▶ Problem description
Only the lines of the listing below that run from the line with "ودخل فريق كريستال" through the line with "Las unidades de" are to be set down, word for word. Pictures stay out.

▶ Records provided
------------------------------
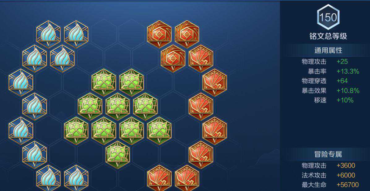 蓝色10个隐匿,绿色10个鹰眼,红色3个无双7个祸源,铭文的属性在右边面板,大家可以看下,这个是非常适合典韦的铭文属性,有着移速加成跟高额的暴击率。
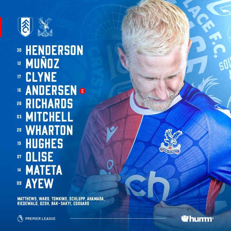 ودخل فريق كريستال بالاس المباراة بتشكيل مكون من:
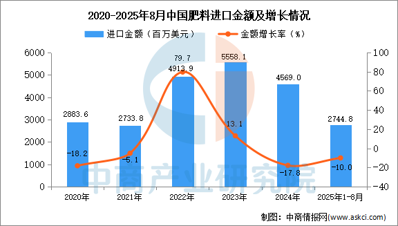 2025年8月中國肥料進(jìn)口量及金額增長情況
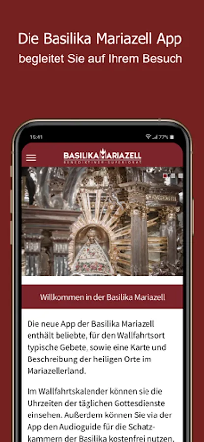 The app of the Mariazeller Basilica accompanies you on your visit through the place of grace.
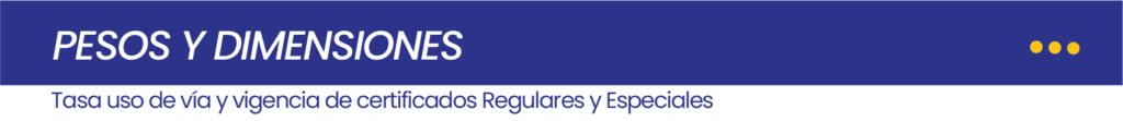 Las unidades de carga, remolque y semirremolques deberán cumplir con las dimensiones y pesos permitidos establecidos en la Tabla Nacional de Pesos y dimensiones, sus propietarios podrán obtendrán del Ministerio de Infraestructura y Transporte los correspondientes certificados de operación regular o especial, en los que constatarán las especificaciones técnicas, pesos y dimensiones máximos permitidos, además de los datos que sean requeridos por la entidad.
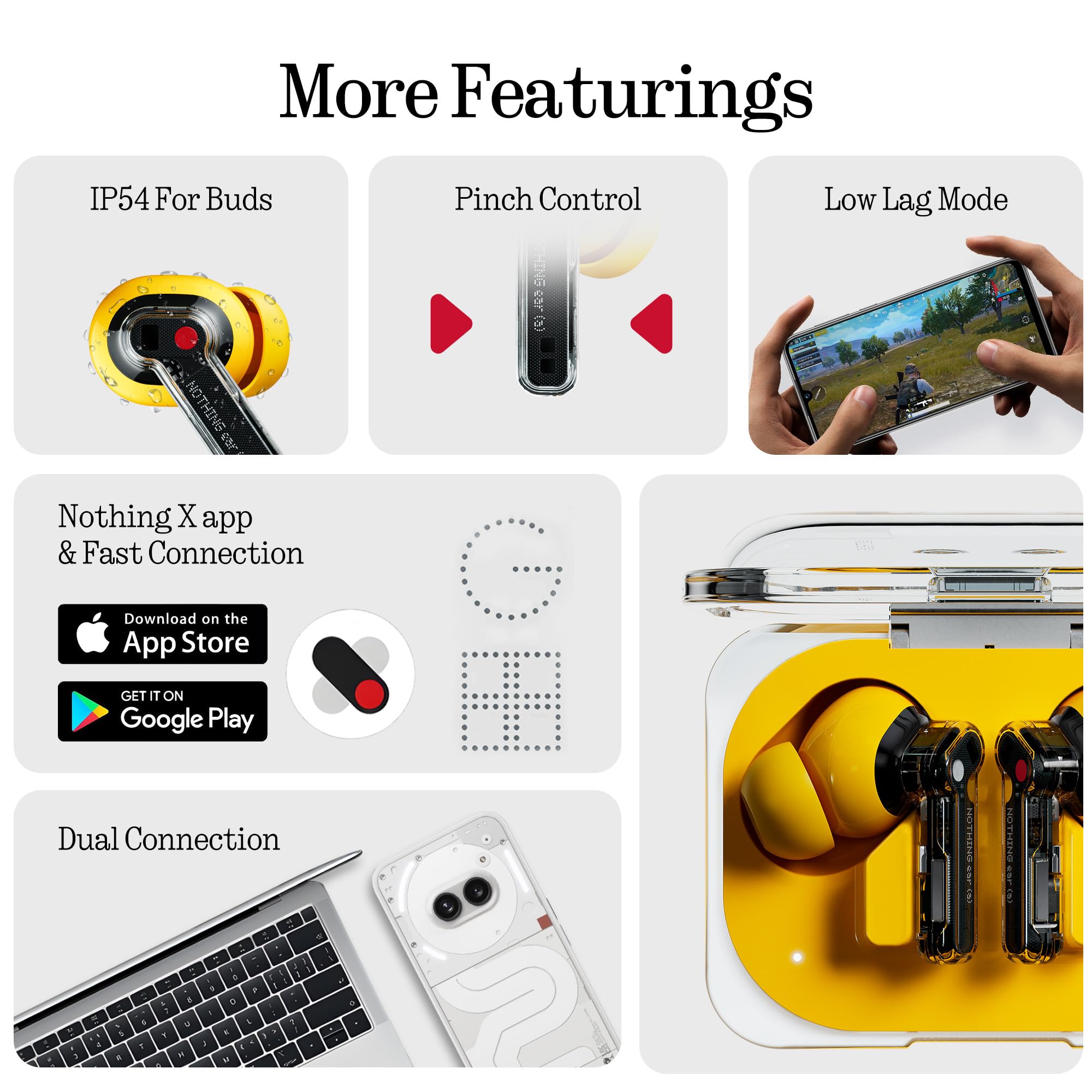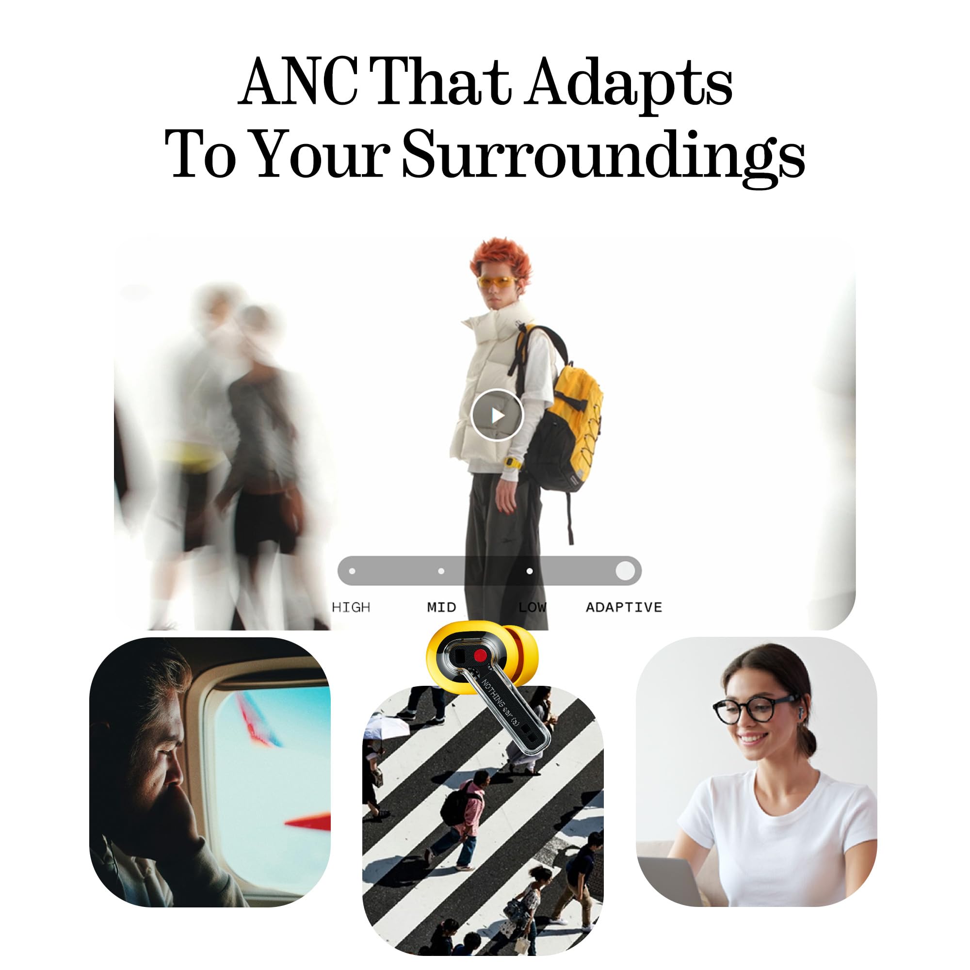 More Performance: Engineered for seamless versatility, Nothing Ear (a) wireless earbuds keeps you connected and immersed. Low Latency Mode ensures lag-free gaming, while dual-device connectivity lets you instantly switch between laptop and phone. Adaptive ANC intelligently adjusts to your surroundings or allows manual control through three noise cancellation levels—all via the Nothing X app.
------------------------------
▶ Reply to the exercise
 ودخل فريق كريستال بالاس المباراة بتشكيل مكون من:
 2025年8月中國肥料進(jìn)口量及金額增長情況
 The app of the Mariazeller Basilica accompanies you on your visit through the place of grace.
 Las unidades de carga, remolque y semirremolques deberán cumplir con las dimensiones y pesos permitidos establecidos en la Tabla Nacional de Pesos y dimensiones, sus propietarios podrán obtendrán del Ministerio de Infraestructura y Transporte los correspondientes certificados de operación regular o especial, en los que constatarán las especificaciones técnicas, pesos y dimensiones máximos permitidos, además de los datos que sean requeridos por la entidad.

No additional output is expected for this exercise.